■ **Given records**
-*-*-
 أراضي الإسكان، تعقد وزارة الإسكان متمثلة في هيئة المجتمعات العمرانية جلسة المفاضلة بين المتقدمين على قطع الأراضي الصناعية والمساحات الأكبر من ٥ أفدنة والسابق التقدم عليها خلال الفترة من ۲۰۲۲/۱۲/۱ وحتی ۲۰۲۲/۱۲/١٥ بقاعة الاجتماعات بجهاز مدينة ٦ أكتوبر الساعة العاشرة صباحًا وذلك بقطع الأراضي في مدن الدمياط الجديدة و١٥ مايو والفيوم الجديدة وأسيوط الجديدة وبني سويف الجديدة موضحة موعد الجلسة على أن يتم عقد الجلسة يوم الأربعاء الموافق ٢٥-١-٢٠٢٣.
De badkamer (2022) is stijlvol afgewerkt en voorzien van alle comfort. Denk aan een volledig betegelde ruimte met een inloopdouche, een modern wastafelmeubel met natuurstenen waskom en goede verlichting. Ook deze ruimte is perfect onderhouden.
-*-*-
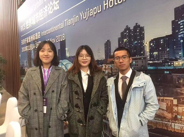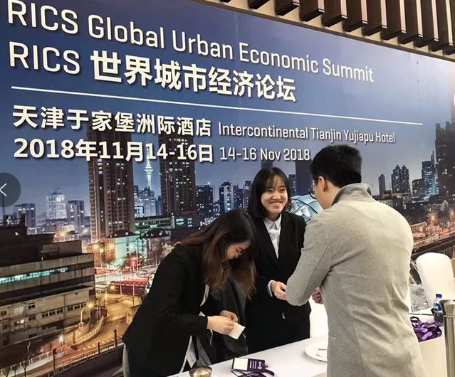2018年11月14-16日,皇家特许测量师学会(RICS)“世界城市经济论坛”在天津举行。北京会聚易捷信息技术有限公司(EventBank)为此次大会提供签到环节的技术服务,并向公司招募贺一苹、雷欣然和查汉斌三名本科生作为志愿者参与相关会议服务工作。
-*-*-
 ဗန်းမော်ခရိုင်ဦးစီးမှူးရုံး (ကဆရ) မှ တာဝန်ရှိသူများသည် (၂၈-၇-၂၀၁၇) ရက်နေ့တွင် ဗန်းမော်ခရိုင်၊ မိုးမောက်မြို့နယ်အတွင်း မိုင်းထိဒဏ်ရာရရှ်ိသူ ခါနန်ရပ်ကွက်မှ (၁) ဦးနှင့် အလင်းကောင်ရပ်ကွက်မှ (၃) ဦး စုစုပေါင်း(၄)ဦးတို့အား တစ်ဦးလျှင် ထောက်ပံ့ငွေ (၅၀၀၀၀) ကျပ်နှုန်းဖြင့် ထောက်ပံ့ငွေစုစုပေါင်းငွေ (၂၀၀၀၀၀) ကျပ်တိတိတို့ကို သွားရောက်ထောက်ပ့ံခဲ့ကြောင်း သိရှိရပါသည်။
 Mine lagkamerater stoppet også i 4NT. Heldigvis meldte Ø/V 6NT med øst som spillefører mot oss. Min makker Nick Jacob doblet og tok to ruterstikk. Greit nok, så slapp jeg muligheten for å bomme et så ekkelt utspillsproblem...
-*-*-
■ **What to produce**
What you return should be exactly the lines above, starting at the one with "أراضي الإسكان، تعقد" and ending at the one with "De badkamer (2022)", and nothing else.

■ **Problem solution**
 أراضي الإسكان، تعقد وزارة الإسكان متمثلة في هيئة المجتمعات العمرانية جلسة المفاضلة بين المتقدمين على قطع الأراضي الصناعية والمساحات الأكبر من ٥ أفدنة والسابق التقدم عليها خلال الفترة من ۲۰۲۲/۱۲/۱ وحتی ۲۰۲۲/۱۲/١٥ بقاعة الاجتماعات بجهاز مدينة ٦ أكتوبر الساعة العاشرة صباحًا وذلك بقطع الأراضي في مدن الدمياط الجديدة و١٥ مايو والفيوم الجديدة وأسيوط الجديدة وبني سويف الجديدة موضحة موعد الجلسة على أن يتم عقد الجلسة يوم الأربعاء الموافق ٢٥-١-٢٠٢٣.
De badkamer (2022) is stijlvol afgewerkt en voorzien van alle comfort. Denk aan een volledig betegelde ruimte met een inloopdouche, een modern wastafelmeubel met natuurstenen waskom en goede verlichting. Ook deze ruimte is perfect onderhouden.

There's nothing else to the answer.